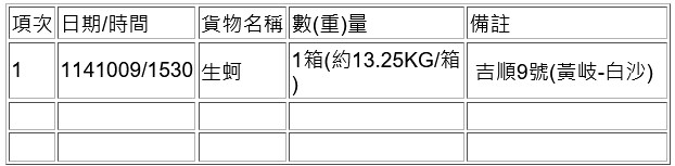 小三通北竿入境旅客應退運遺失貨物認領公告(入境日期:10月9日)
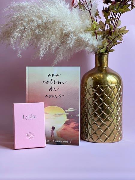 Simbolično nosi naziv „Za Nju“ a krase ga cvjetovi ruže, ljiljana, orhideje i posebnog cvijeta maćuhice koji još od 19.st prenosi poruku“nedostaješ mi” i “mislim na tebe”. Bezvremenski nakit za sve koji žele pokloniti buket vječnog cvijeća uz poruku sreće svojoj majci, ali i svim onim ženama koje volite! Komplet uključuje ogrlica s mirisnim medaljonom i gravurom po izboru i dostupan je na Lykke webshopu u limitiranom izdanju zajedno s knjigom Ovo želim da znaš, te u Lykke Gift Shopu.
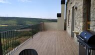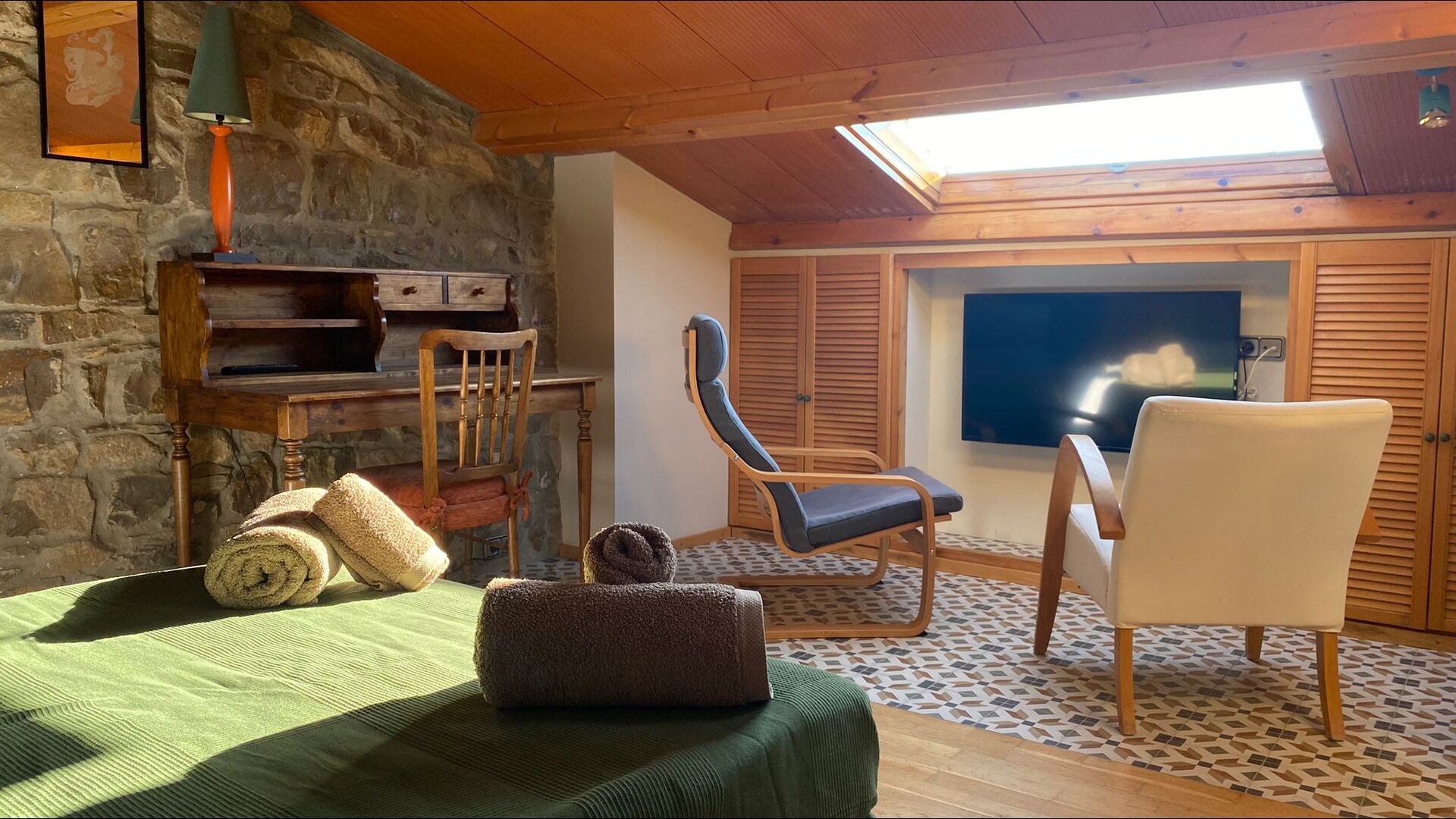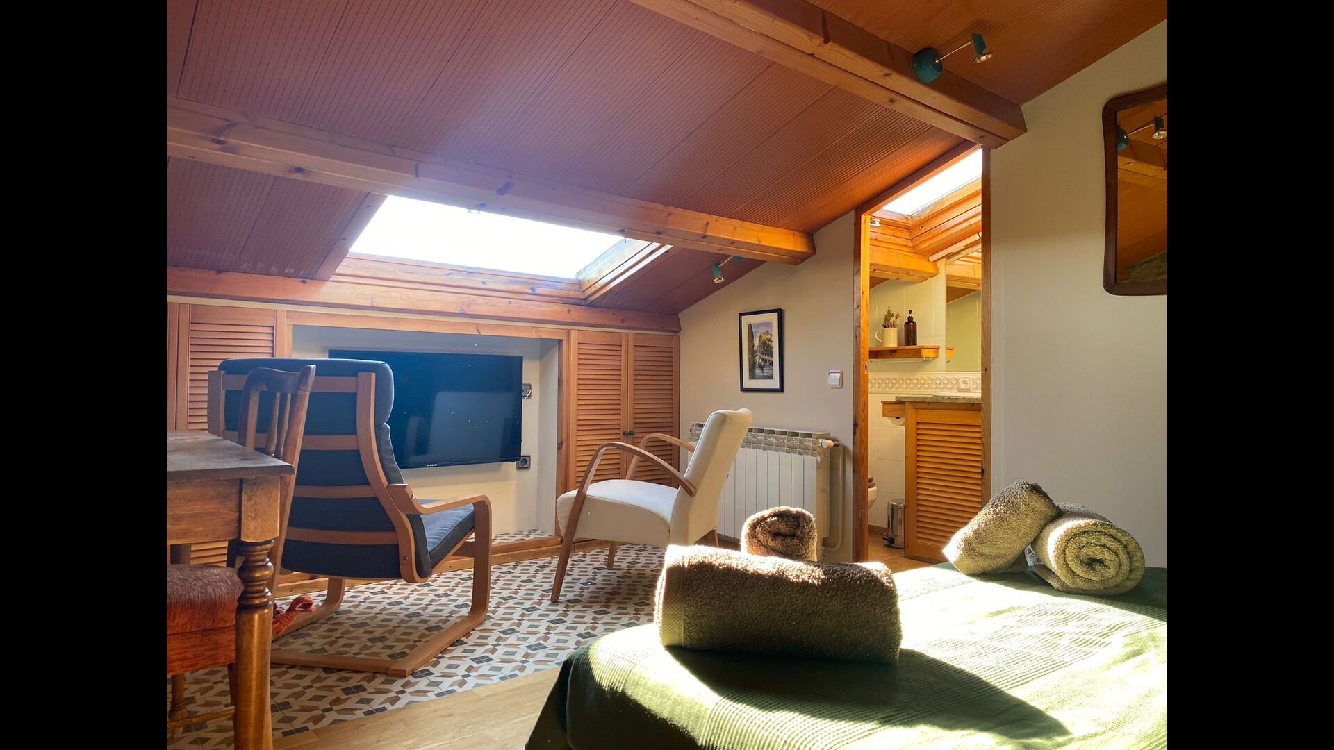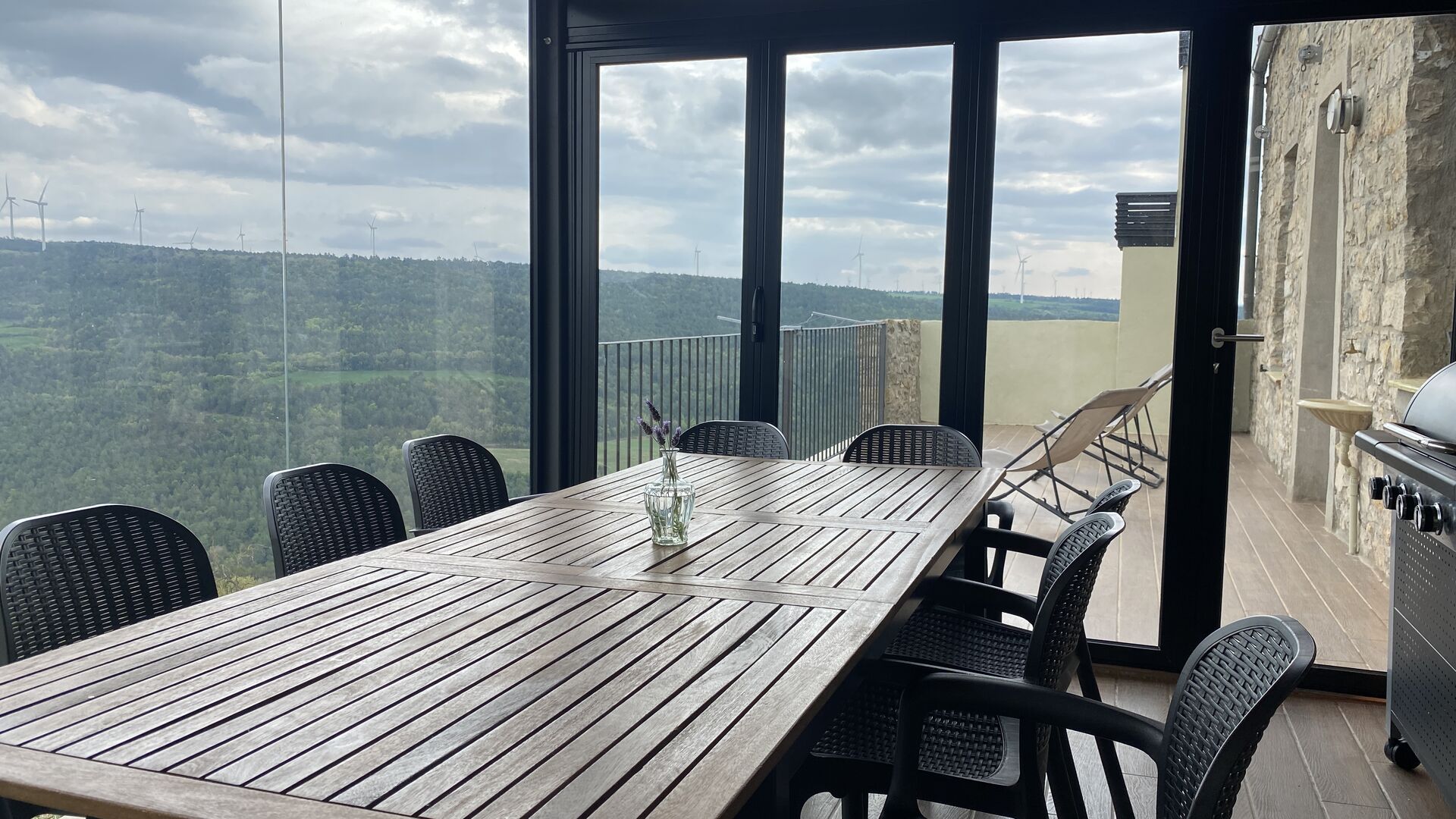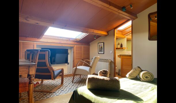 Im gemütlichen Wohnzimmer gibt es ein Sofa, einen Fernseher und ein Bücherregal und einen direkten Zugang zur großen Terrasse mit Aussicht. Hier gibt es auch einen Gasgrill, sodass Sie Ihr Fleisch zubereiten können, während Sie ein Bier trinken und die Aussicht genießen.
★ ★ ★
#### [Problem details]
Repeat the listing exactly; do not print any picture.

#### [Result for this task]
 小三通北竿入境旅客應退運遺失貨物認領公告(入境日期:10月9日)
 Simbolično nosi naziv „Za Nju“ a krase ga cvjetovi ruže, ljiljana, orhideje i posebnog cvijeta maćuhice koji još od 19.st prenosi poruku“nedostaješ mi” i “mislim na tebe”. Bezvremenski nakit za sve koji žele pokloniti buket vječnog cvijeća uz poruku sreće svojoj majci, ali i svim onim ženama koje volite! Komplet uključuje ogrlica s mirisnim medaljonom i gravurom po izboru i dostupan je na Lykke webshopu u limitiranom izdanju zajedno s knjigom Ovo želim da znaš, te u Lykke Gift Shopu.
 Im gemütlichen Wohnzimmer gibt es ein Sofa, einen Fernseher und ein Bücherregal und einen direkten Zugang zur großen Terrasse mit Aussicht. Hier gibt es auch einen Gasgrill, sodass Sie Ihr Fleisch zubereiten können, während Sie ein Bier trinken und die Aussicht genießen.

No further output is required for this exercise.